Les auteurs ont créé une méthode appelée SCDP. Imaginez une école très spéciale où l'élève et le professeur ne voient pas la même chose, mais l'élève doit quand même apprendre à faire comme le professeur.

  • Le Professeur (Pendant l'entraînement) : Il a accès à toutes les informations parfaites (la position exacte, la vitesse, etc.). Il sait exactement ce qui se passe.
  • L'Élève (Le Robot final) : Il ne reçoit que les données de ses capteurs internes (ce qu'il ressent).

L'astuce géniale : Pendant l'entraînement, on donne à l'élève seulement ce qu'il ressent (ses capteurs), mais on lui demande de prédire ce que le professeur sait (la position exacte, la vitesse).

C'est comme si vous appreniez à un enfant à jouer au piano en lui donnant seulement le son des touches (ce qu'il entend), mais en lui demandant de deviner exactement quelles notes sont jouées et à quelle vitesse. Au fil du temps, le cerveau de l'enfant (le modèle d'intelligence artificielle) apprend à déduire la position et la vitesse simplement en analysant les sons et les sensations, sans avoir besoin de voir les touches.

3. Les Trois Super-Pouvoirs de la Méthode

Pour que ce système fonctionne parfaitement, les chercheurs ont ajouté trois ingrédients secrets :

  • Le "Brouillard" Contrôlé (Denoising Restreint) :
    Imaginez que vous essayez d'apprendre à quelqu'un à deviner la vitesse d'une voiture en regardant le paysage défiler. Si vous lui donnez aussi le compteur de vitesse, il ne fera aucun effort pour deviner !
    Ici, les chercheurs ont volontairement caché la vitesse au robot pendant qu'il apprenait à "nettoyer" ses prédictions. Ils l'ont forcé à deviner la vitesse en se basant uniquement sur l'histoire de ses mouvements passés. C'est comme apprendre à un nageur à sentir le courant de l'eau sans avoir de boussole.

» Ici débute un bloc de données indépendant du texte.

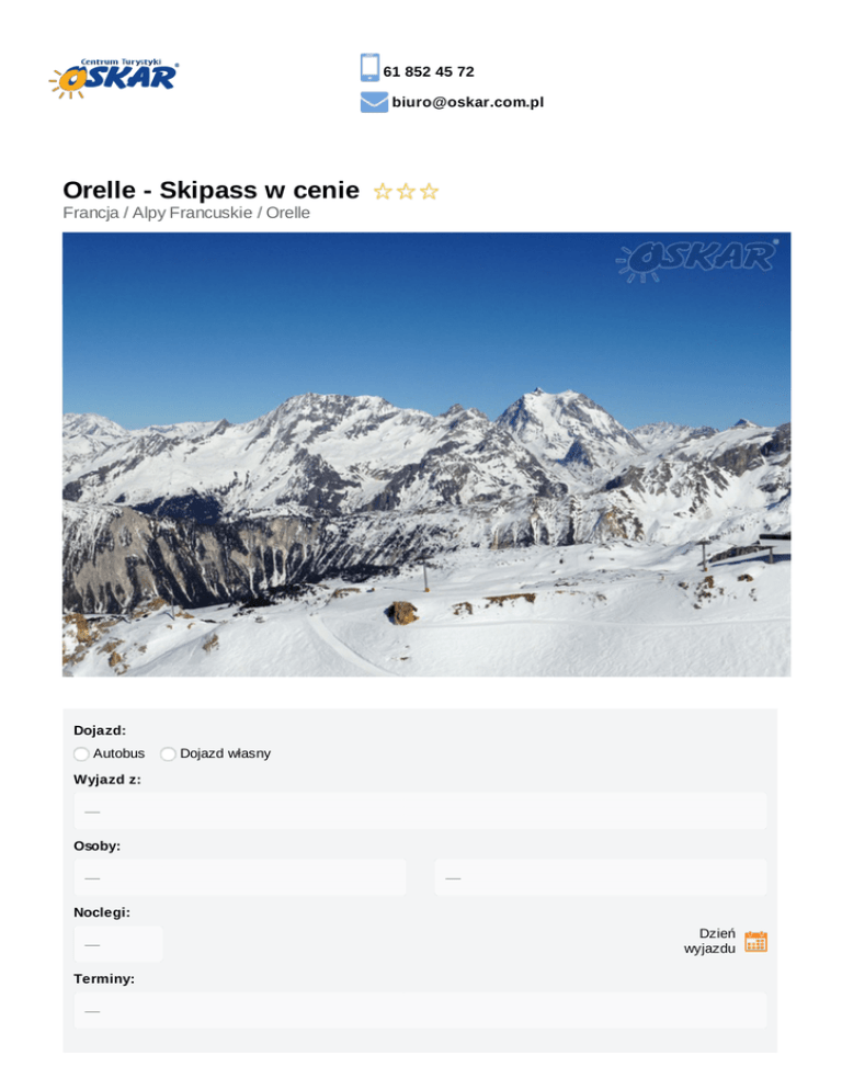 61 852 45 72 [email protected] Orelle - Skipass w cenie Francja / Alpy Francuskie / Orelle Dojazd: Autobus Dojazd własny Wyjazd z: Osoby: Noclegi: Dzień wyjazdu Terminy: Pokój: Wyżywienie: Najtańsza oferta Zaliczka do 11 marca 2017: 1774,00 zł do 11 marca 2017: 1774,00 zł Suma: 1774,00 zł Opis oferty Miejscowość Przejazd autokarem PREMIUM autokar-premium-oskar-tablet-gniazdko-usb-wygodne-fotele Opinie Realizacja imprezy autokarami PREMIUM to gwarancja: transportu autokarami z roczników 2015 i 2016 produkcji Irizar i VDL Rozkład jazdy indywidualnego, multimedialnego systemu rozrywki - tablet z dotykowym ekranem w każdym zagłówku (filmy, gry, muzyka itp.). Możliwość podłączenia własnego nośnika danych poprzez wejście AUX lub USB. najwyższej klasy skórzanych lub półskórzanych foteli z możliwością regulacji oparcia lub/i zagłówka największej w Polsce przestrzeni między siedzeniami małej półki przed każdym siedzeniem + siateczki na czasopisma, książki czy telefon bezpłatnego dostępu do sieci WiFi na terenie Polski* gniazdek elektrycznych 230V wydajnej klimatyzacji sterowanej indywidualnie bogato wyposażonego barku udostępnionego w czasie jazdy WC na pokładzie autokaru Idealna i komfortowa podróż… ZAWSZE! Na ternie Polski GWARANTUJEMY, że wszystkie przejazdy realizowane są autobusem, busem lub samochodem osobowym. Zapewnimy komfortowy transport na każdym etapie podróży. Ważne: Autokar Premium jest autokarem docelowym. *jakość usług internetowych może różnić się w zależności od jakości sygnału Orelle - opis miejscowości i tras Każdy kto decyduje się na urlop narciarski w Trois Vallés ma do wyboru wiele miejsc pobytowych. Jednym z nich jest Orelle, położony na 900 metrach wysokości ośrodek sportów zimowych, oferujący idealne warunki urlopu narciarskiego. W przeciwieństwie do sąsiedniego, kultowego ośrodka narciarskiego - Val Thorens - Orelle jest spokojniejszą miejscowością, idealną dla osób ceniących relaks i odpoczynek, po całodniowym szaleństwie na śniegu. Opis tras: zawarty w cenie SKIPASS obejmuje trasy narciarskie VAL THORENS - ORELLE narciarze do swojej dyspozycji mają ok 150 km szerokich tras w tym 30 km bardzo łatwych, 31 km łatwych, 63 km średnich, 16 km trudnych oraz 5 km tras biegowych 24 wyciągi (1 kolej linowa, 4 gondolki, 17 kolejek krzesełkowych, 2 orczyki) możliwość korzystania ze Snowparku o najwyższym poziomie - "Val Thorens Snowpark" znajdującego się w pobliżu gondoli "Gand Fond". Snowpark znajduje się na wysokości 2.500 m. 2.600 m., a jego długość to 600 m Orelle to kurort narciarski mający bezpośrednie połączenie z obszarem narciarskim Trois Vallés , co wiąże się z możliwością rozszerzenia Skipassu o dostęp na teren trzech dolin za 33,50 €/dzień aby znaleźć się na wysokości 2350 metrów w Refuge du Plan Bouchet wystarczy 15-minutowa jazda nowoczesną koleją linową 3 Vallées Expres. Stamtąd narciarze mogą dotrzeć na wysokość 3230 metrów w Sommet des Pistes, najwyżej położony punkt Trois Vallées, lub przekroczyć przejście Brèche de Rosaël na wysokości 3000 metrów oprócz sportów zimowych, dużą popularnością cieszą się w Orelle wyprawy na rakietach śnieżnych oraz piesze wędrówki oznakowanymi szlakami turystycznymi PODGLĄD NA ŻYWO - WEBCAM INTERAKTYWNA MAPA Zakwaterowanie Zakwaterowanie w Résidence Orelle 3 Doliny***. Obiekt składa się z 8 oddzielnych budynków oraz posiada 2, 4, 6, 8-osobowe pokoje. Spod rezydencji wahadłowo odjeżdża Skibus, regularnie dowożąc turystów do gondoli, którą dalej udają się w poszukiwaniu zimowego szaleństwa! W głównym budynku kompleksu znajduje się mały sklep hotelowy, niewielki bar oraz pizzeria. Wszystkie pokoje wyposażone są w łazienkę, kuchnię (płyta grzewcza, czajnik, mikro, zmywarka, naczynia oraz sztućce), TV oraz balkon. Z Internetem Wi-Fi można połączyć się przy recepcji, natomiast dostęp do sieci w apartamentach jest dodatkowo płatny. Do dyspozycji gości jest narciarnia do przechowywania sprzętu oraz centrum SPA z basenem, wirówkami i sauną. Pakiet KOMFORT gwarancja wyboru miejsca w autokarze napoje w autokarze w cenie (6 x do wyboru: kawa, herbata, zimny napój 0,2l) cena: 50 zł/os Pakiet PRESTIGE gwarancja wyboru miejsca w autokarze napoje w autokarze w cenie (6 x do wyboru: kawa, herbata, zimny napój 0,2l) pierwszeństwo wejścia na pokład autokaru nadbagaż 5 kg w cenie suchy prowiant na drogę powrotną cena: 100 zł/os Karta Dużej Rodziny www.oskar.com.pl/zalaczniki/karta_duzej_rodziny Warunki promocji FIRST MINUTE www.oskar.com.pl/zalaczniki/warunki_promocji Ubezpieczenie Warunki ubezpieczenia Bezpieczne Podróże Signal Iduna dokument do pobrania www.oskar.com.pl/zalaczniki/owu Warunki ubezpieczenia Kosztów Imprezy Turystycznej Signal Iduna dokument do pobrania www.oskar.com.pl/zalaczniki/owurg Turystyczny Fundusz Gwarancyjny W związku z powołaniem do życia w dniu 26.11.2016 Turystycznego Funduszu Gwarancyjnego każdy klient Biura Podróży Oskar zobowiązany jest do zapłaty kwoty w wysokości 10zł/os. przy każdorazowej rezerwacji imprezy turystycznej (obowiązuje od dnia 26.11.2016). Kwota przeznaczona na Turystyczny Fundusz Gwarancyjny zostanie automatycznie doliczona do wartości rezerwacji (w momencie jej dokonania). Wyjątkiem są imprezy turystyczne odbywające się w krajach posiadających granicę z Rzeczpospolitą Polską. Składka nie jest przychodem biura. Udogodnienia Klimatyzacja Regulowane fotele Tacki Multimedia Nowoczesna flota Zawodowy kierowca Pasy bezpieczeństwa Toaleta w autokarze Podnóżki Dla rodzin z dziećmi Wi-Fi Lodówka Basen kryty Blisko stoku Bez paszportu Premium Elite Spokojna okolica Region narciarski Sport Wellness/SPA Wypożyczalnia sprzętów zimowych Sporty zimowe Program ramowy Dzień 1 (piątek) Wyjazd z Polski zgodnie z rozkładem jazdy. Przejazd przez Polskę, Niemcy, Francję. Dzień 2

  • L'Alignement des Contextes (Context Distribution Alignment) :
    Souvent, ce qu'on apprend en classe (avec des données parfaites) ne correspond pas à ce qu'on vit sur le terrain (avec des données imparfaites). C'est comme apprendre à conduire sur un circuit vide, puis se retrouver dans une ville bondée.
    La méthode SCDP s'assure que ce que le robot voit pendant l'apprentissage ressemble exactement à ce qu'il verra dans la vraie vie. Cela évite les mauvaises surprises et les chutes.

  • La Mémoire à Double Sens (Attention Masquée) :
    Le robot ne regarde pas seulement le passé pour deviner le futur. Il utilise une "mémoire" qui relie intelligemment le passé, le présent et les commandes futures. C'est comme un chef d'orchestre qui écoute non seulement ce qui a été joué, mais qui anticipe aussi la prochaine mesure pour rester synchronisé, même si un musicien fait une petite erreur.

4. Le Résultat : Un Robot qui Marche Vraiment !

Les chercheurs ont testé cette méthode sur un vrai robot humanoïde (le G1) dans un laboratoire.

  • En simulation : Le robot a réussi à suivre des commandes de vitesse dans 99 à 100 % des cas, même sans capteurs externes.
  • Dans la réalité : Ils ont installé le cerveau du robot sur un vrai G1. Le robot a marché, a suivi des trajectoires complexes et a résisté aux poussées, le tout à une vitesse impressionnante (50 fois par seconde !).

En résumé :
Au lieu de donner au robot des lunettes magiques pour voir le monde, les auteurs lui ont appris à devenir un détective. En analysant finement ses propres sensations et son histoire de mouvements, le robot est capable de reconstituer mentalement sa position et sa vitesse, lui permettant de marcher avec une aisance naturelle, même dans le noir complet.

C'est une avancée majeure car cela rend les robots humanoïdes beaucoup plus autonomes et prêts à être utilisés dans nos maisons ou nos usines, sans avoir besoin d'installations coûteuses de caméras et de capteurs partout.